There remains significant uncertainty and practice variation about the use of crystalloids in the ICU. Normal saline (NS), being both cheap and widely available, is the most commonly administered crystalloid worldwide. Despite its abundant use, however, there has been growing concern about the detrimental effects of NS, particularly in regards to acute kidney injury (AKI) – review covering wider perspective of AKI. This widespread concern has not translated easily into unambiguous evidence for widespread harm, despite very strongly held opinions on both sides.

The concern arises from (arguable) physiological plausibility and a decent mix of observational studies. For example this study from 2012 found a significant reduction in renal artery blood flow and renal cortical tissue perfusion in healthy volunteers given 2 litres of normal saline compared to those given a buffered crystalloid solution and a now classic observational study by Yunos et al. in 2010 (editorial) found that removing chloride rich fluids from their ICU was associated with a significant decrease in the incidence of AKI and use of RRT.
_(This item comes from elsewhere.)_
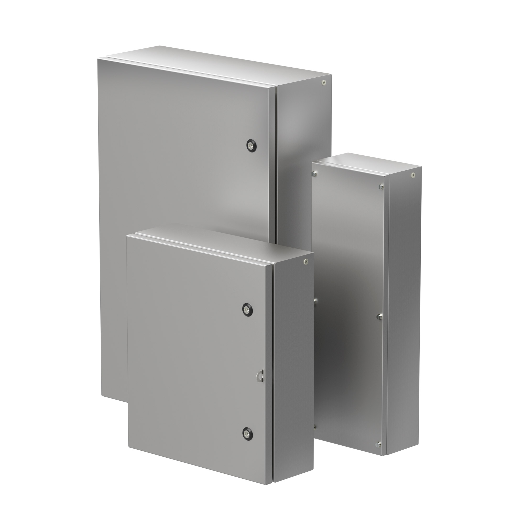 Взрывозащищенная оболочка из нержавеющей стали AISI 304 для индивидуальной комплектации, типа "Шкаф", с габаритами 260х260х150 мм применяется для самостоятельного изготовления взрывозащищенных клеммных коробок Ex e, Ex tb. Ex i, постов и шкафов управления Ex de, Ex tb, Ex i.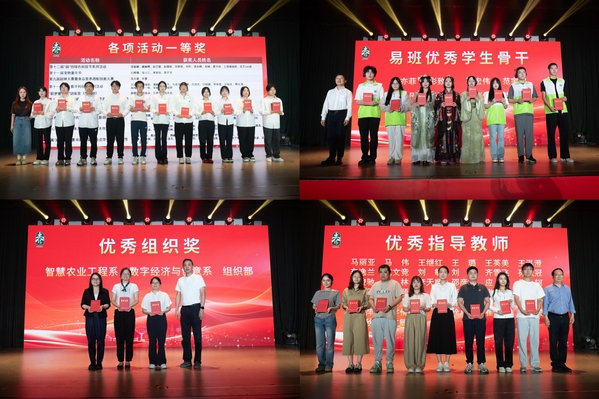 闭幕式上,对荣获各项活动学生、优秀指导教师以及优秀组织进行了表彰。474名学生在“新青年建功新时代”大学生微电影创作展示活动、第十二届园创绿色科技节等11项比赛中取得优异成绩,38名教职工荣获“优秀指导教师”称号,智慧农业工程系、数字经济与创意系、组织部荣获“优秀组织奖”。

Against a background of these and similar studies The SPLIT Randomized Clinical Trial (editorial) is a cluster randomized, double-crossover study involving four tertiary ICUs in New Zealand. Patients were randomized to NS or Plasma-Lyte 148, with clinicians blinded to which fluid they were administering, but otherwise allowed to use crystalloid as they felt appropriate. See below for comparison of different crystalloid solutions.

Primary outcome was the proportion of patients who developed AKI, based on their relative increase in serum creatinine. Secondary outcomes included; delta creatinine (peak Cr – admission Cr), cumulative incidence of AKI, incidence of RRT, indications for RRT, length of stay, readmission, and all cause mortality. After randomization, 2278 patients were enrolled. The average volume of crystalloid given was 2000ml in first 24 hours (range 1000-3500ml). The majority of admissions (56 and 58%) came to the ICU after elective surgery. A minority of admissions were for trauma (3 and 5%) or sepsis (4%).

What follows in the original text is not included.